◆ **Action item**
Any picture must be dropped, but each line of the data should be duplicated exactly.

◆ **Exercise data**
───
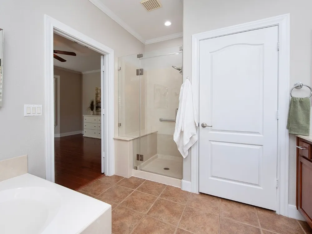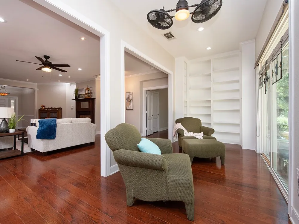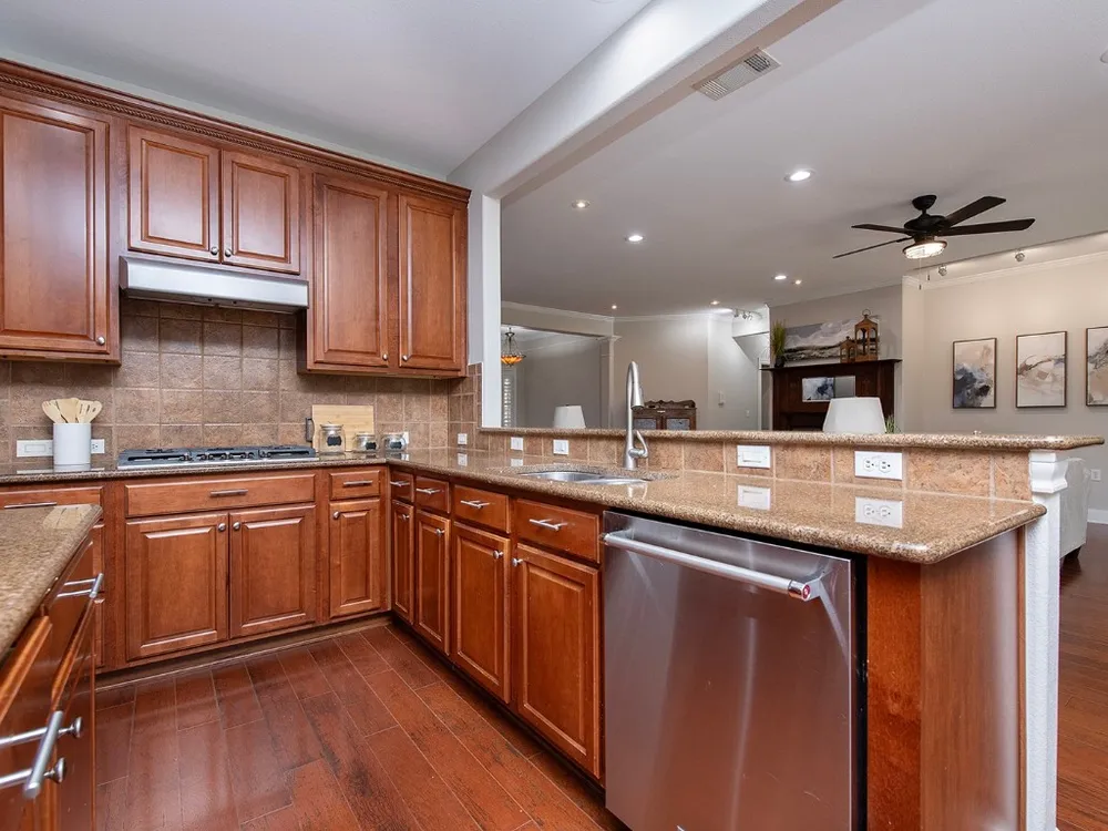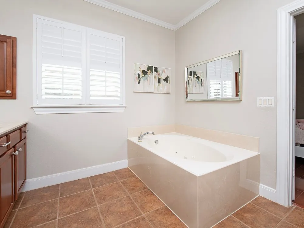 - Built-in Features, Ceiling Fan(s), Granite Counters, High Ceilings, Kitchen Island, Main Level Primary, Open Floorplan, Recessed Lighting, Soaking Tub
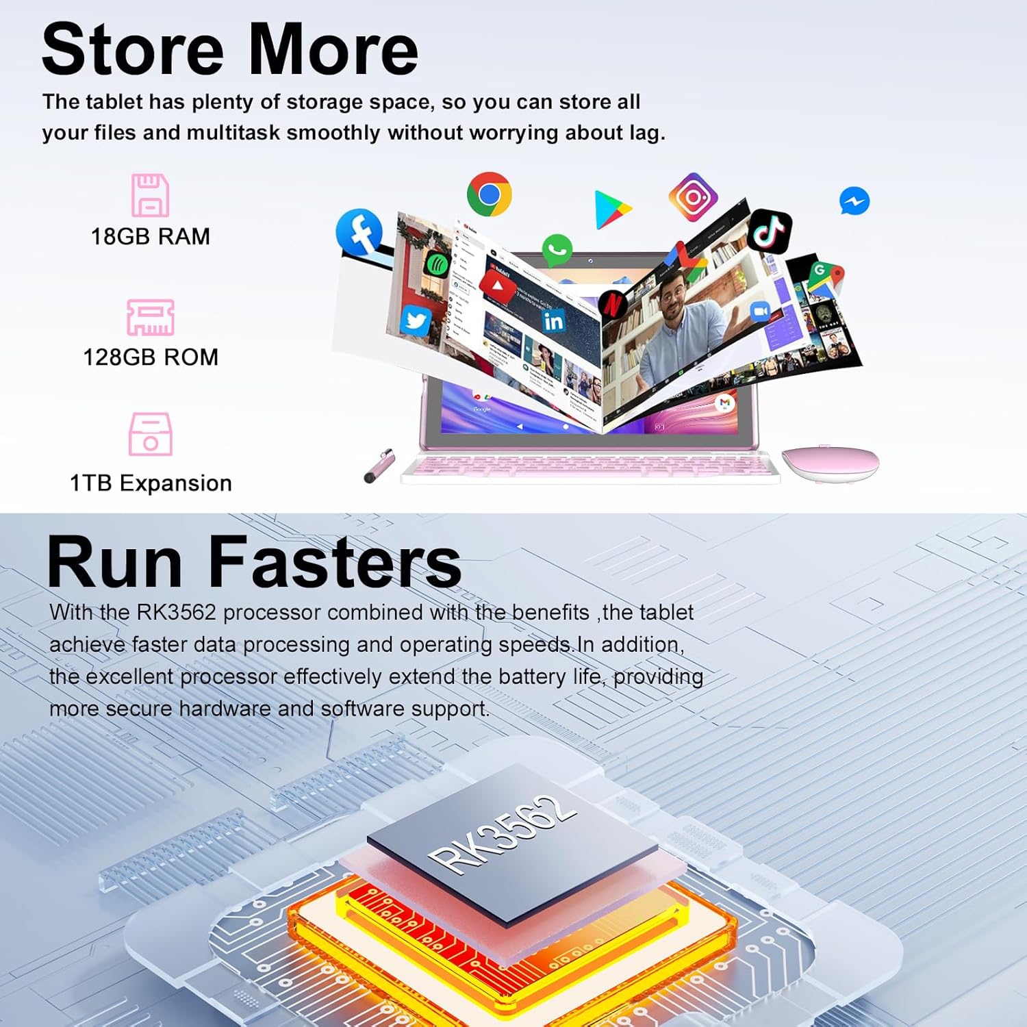 【18GB RAM+128GB ROM+1TB Expandable】 Our android 15 tablet PC built-in a powerful storage combination of 18GB RAM ( 4GB + 14GB achieved through expansion technology ) and 128GB ROM, comes with new generation ultra-high performance and low power consumption 2.0GHz Processor, achieve faster and more stable running and storage speeds. In addition, it can be expanded up to 1TB with a microSD card (card not included) for even more storage.
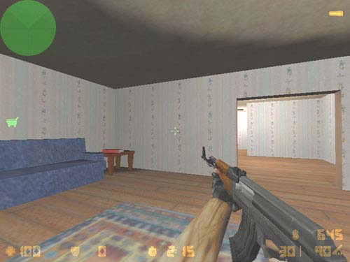The AK47 is the first gun on the rifle list. It is a terrorist-only gun, and a fairly cheep one at that. It does a great deal of damage with it's 7.62mm ammo, and if you fire it one or two shots at a time, it can be very accurate. It works well up close, where firing full auto doesn't matter, and the large damage makes sure your opponent dies first. A standard 30-round clip, with 90 rounds in reserve make this a very good gun for the price.
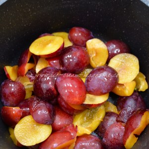 To this seasons, stunningly coloured, stoned fruit gently braised in a little sugar and and roughly half water to weight of fruit. The plum-pious-ness then left to cool. If I don’t stop ‘tasting it’ there will be none left.  A ‘jolly decent slug’ of Amaretto liqueur swirled to combine. The permeation will gift your writer to further taste, but only in the interest of her kindly readers. OK the quantity has incomprehensibly shrunk, evaporated, simply disappeared.
───
◆ **Worked solution**
 - Built-in Features, Ceiling Fan(s), Granite Counters, High Ceilings, Kitchen Island, Main Level Primary, Open Floorplan, Recessed Lighting, Soaking Tub
 【18GB RAM+128GB ROM+1TB Expandable】 Our android 15 tablet PC built-in a powerful storage combination of 18GB RAM ( 4GB + 14GB achieved through expansion technology ) and 128GB ROM, comes with new generation ultra-high performance and low power consumption 2.0GHz Processor, achieve faster and more stable running and storage speeds. In addition, it can be expanded up to 1TB with a microSD card (card not included) for even more storage.
The AK47 is the first gun on the rifle list. It is a terrorist-only gun, and a fairly cheep one at that. It does a great deal of damage with it's 7.62mm ammo, and if you fire it one or two shots at a time, it can be very accurate. It works well up close, where firing full auto doesn't matter, and the large damage makes sure your opponent dies first. A standard 30-round clip, with 90 rounds in reserve make this a very good gun for the price.
 To this seasons, stunningly coloured, stoned fruit gently braised in a little sugar and and roughly half water to weight of fruit. The plum-pious-ness then left to cool. If I don’t stop ‘tasting it’ there will be none left.  A ‘jolly decent slug’ of Amaretto liqueur swirled to combine. The permeation will gift your writer to further taste, but only in the interest of her kindly readers. OK the quantity has incomprehensibly shrunk, evaporated, simply disappeared.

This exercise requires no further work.